Colibrí en pleno vuelo


Foto: Cordon Press

Obtenidos estos resultados, los investigadores pasaron tres veranos en las Montañas Rocosas estudiando a estas aves. Para realizar la prueba, instalaron pares de trípodes, sobre los que colocaron pequeños platillos, algunos de ellos con una solución acuosa a modo de néctar dispuestos junto a un diodo emisor de LED en los que se reproducían hasta 19 pares de colores. Para los humanos lodas las luces eran idénticas, no así para las aves, que eran capaces de distinguir la luz ultravioleta, y con ella la presencia o no de alimento.

Los científicos monitorizaron alrededor de 6.000 visitas de colibríes a los comederos artificiales e intercambiaron luego las posiciones de los trípodes cuando para asegurarse de que las aves se guiaban por la luz y no se limitaban a volver al mismo lugar.

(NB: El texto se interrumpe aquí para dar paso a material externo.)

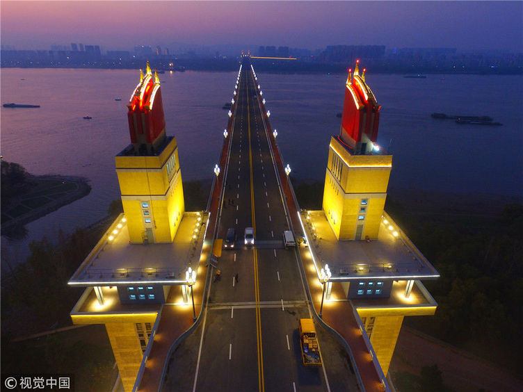 2018年12月13日,江蘇南京,“一橋飛架南北,天塹變通途?!弊鳛槲覈?guó)第一座自行設(shè)計(jì)和建造的雙層鐵路、公路兩用橋,南京長(zhǎng)江大橋在我國(guó)橋梁史上的重要地位不言而喻。從1968年建成后的48年間,它就如同一條巨龍,始終在長(zhǎng)江上默默守護(hù)著人來(lái)車往。南京長(zhǎng)江大橋上層是公路橋,下層為雙軌復(fù)線鐵路橋,連接津浦鐵路與滬寧鐵路干線,是我國(guó)南北交通要津和命脈。近年來(lái),由于南京長(zhǎng)江大橋公路橋的實(shí)際通行荷載遠(yuǎn)超原先設(shè)計(jì)標(biāo)準(zhǔn),不僅橋面上擁堵常現(xiàn),橋梁本身的種種“病害”也日益加深。圖為2018年12月13日,夜幕降臨,南京長(zhǎng)江大橋歸位后的玉蘭花燈重新點(diǎn)亮。大橋玉蘭花燈柱共有299根,每根燈柱上有5盞玉蘭花燈,1大4小,一共1495盞。方東旭/視覺中國(guó)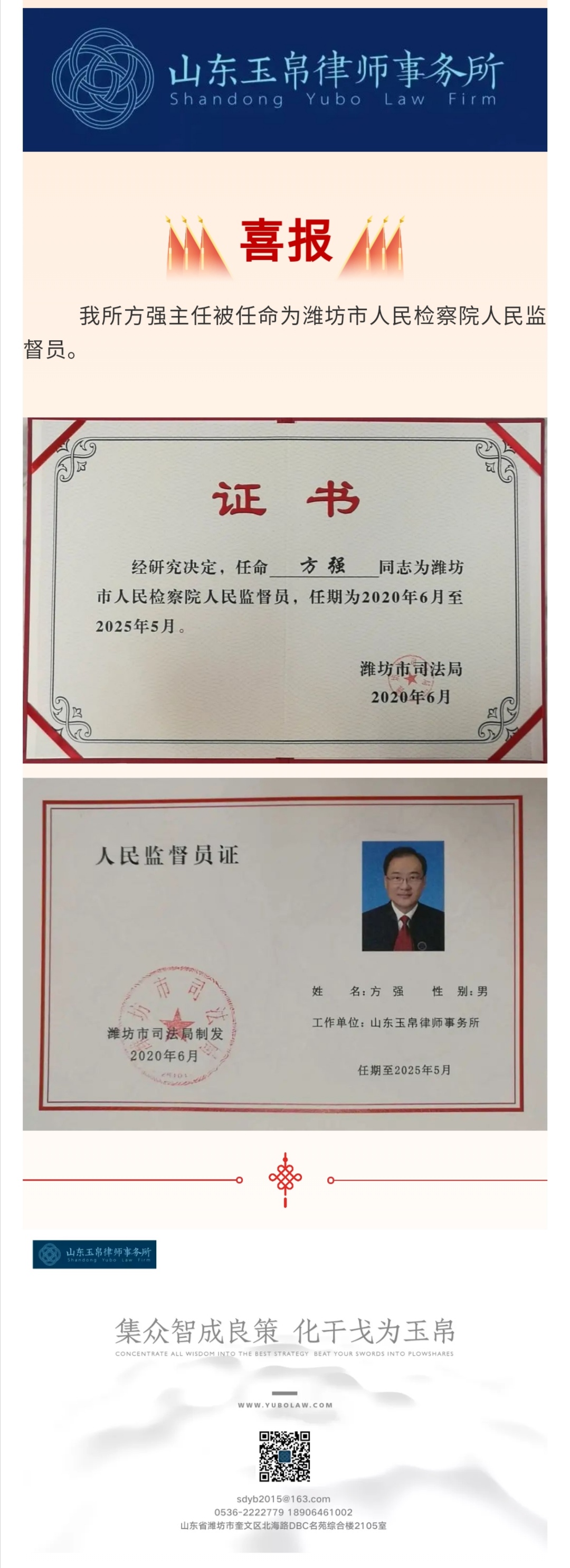 方强主任被任命为潍坊市人民检察院人民监督员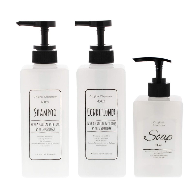 - Set Includes: Shampoo bottle x 1, conditioner bottle x 1, soap bottle (regular type) x 1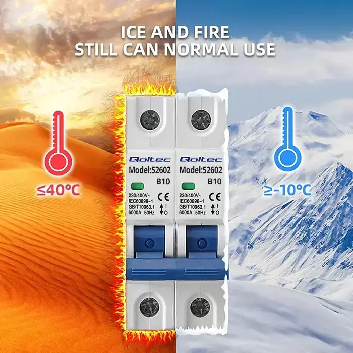 The Qoltec brand overcurrent circuit breaker will effectively protect and safeguard the installation from circuit damage and the connected electrical consumers from the effects of overload and short circuit. They work on the principle of automatically switching off the current when the current exceeds a safe level.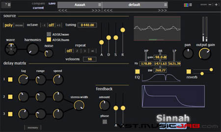 Sinnah is a VA synth plugin, but instead of the standard subtractive resonant filter it uses a resonant delay network.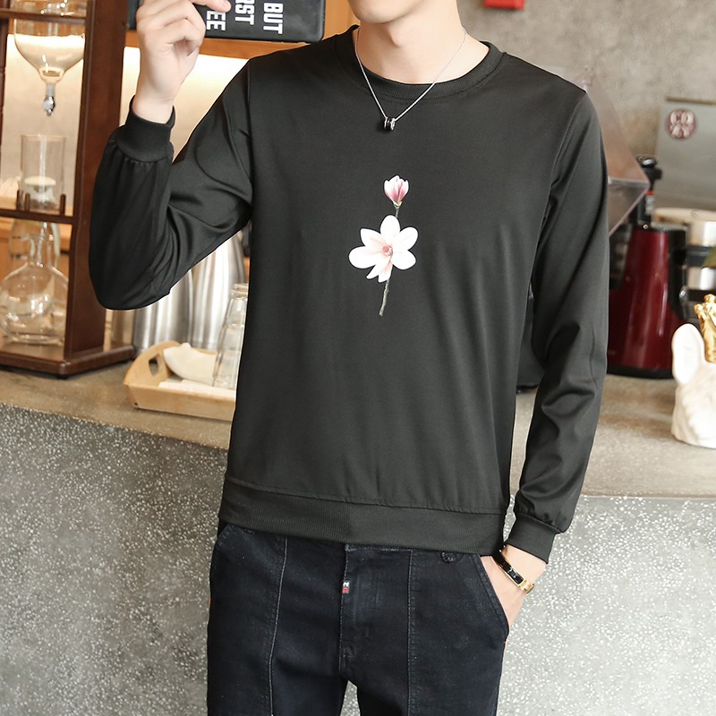 Kaos T Shirt Lengan Panjang Round Neck Ukuran Besar Motif Bunga Melati Untuk Pria Musim Gugur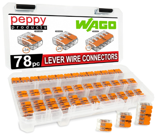 Description: | Peppy Products WAGO 221 Lever Nuts W/ Case, 78 Assorted Pieces | |||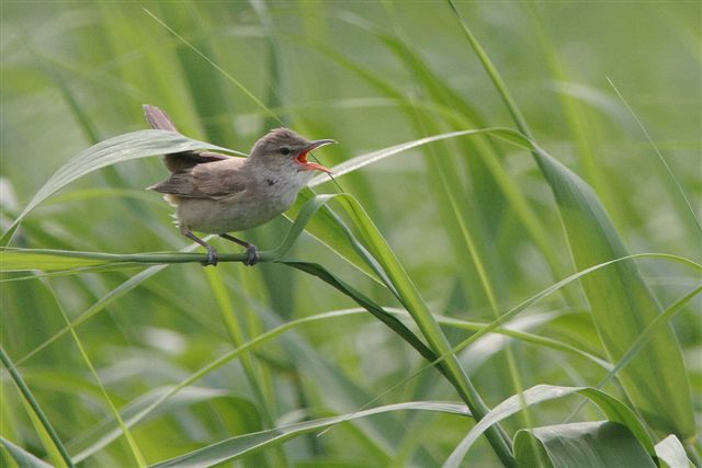 葦より突き出た枯れ茎(ソングポスト)での囀り
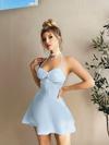 Dantel İşlemeli Boyundan Bağlamalı Mavi Saten Gecelik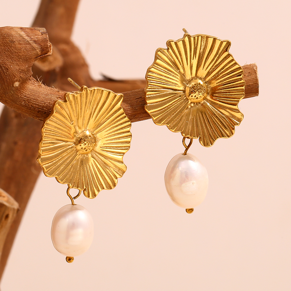 Crafted from durable 316L stainless steel and finished with rich 18K gold plating, these earrings are built to keep their shine. The lace-inspired metal design highlights the round freshwater pearl, creating a graceful vintage-inspired look that feels timeless yet fresh. Measuring approximately 0.94 x 1.67 inches and weighing about 0.43 oz, they offer a noticeable presence without feeling heavy.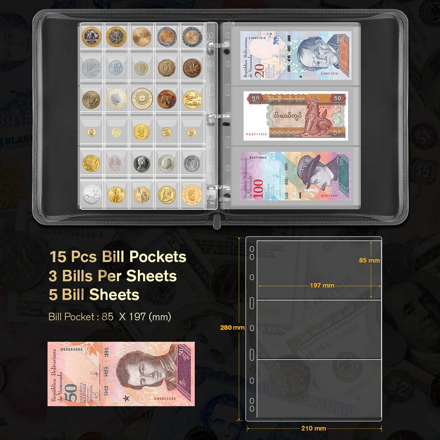 - Fits Coins & More: Includes 10 pages with 35×35 mm pockets and 5 pages with 45×45 mm pockets to accommodate various coin sizes. Plus 5 bill pages (85×197 mm) that also work for tickets and other collectibles.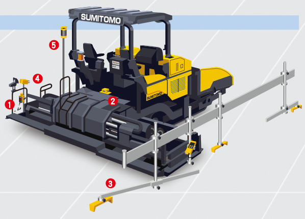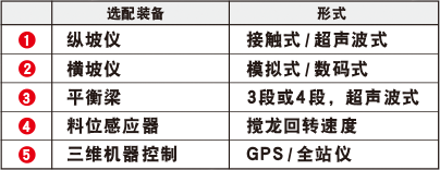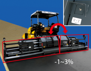 縱坡儀和橫坡儀可以減少作業(yè)強度并提高作業(yè)精度。根據(jù)事先輸入的三維設(shè)計數(shù)據(jù)可以實現(xiàn)鋪裝作業(yè)的自動化。本機也可以搭載三維機器控制系統(tǒng)。

Los resultados eran claros: los colibríes regresaban al lugar guiados por esas luces imperceptibles para nosotros.

Para detectar el equivalente a esa gama cromática en el mundo natural, los investigadores estudiaron de cerca las tonalidades cromáticas de las plumas y las plantas donde habitan estas aves, y concluyeron que cerca de un 30% de las muestras contaban con algún color ultravioleta que las aves eran capaz de detectar e interpretar.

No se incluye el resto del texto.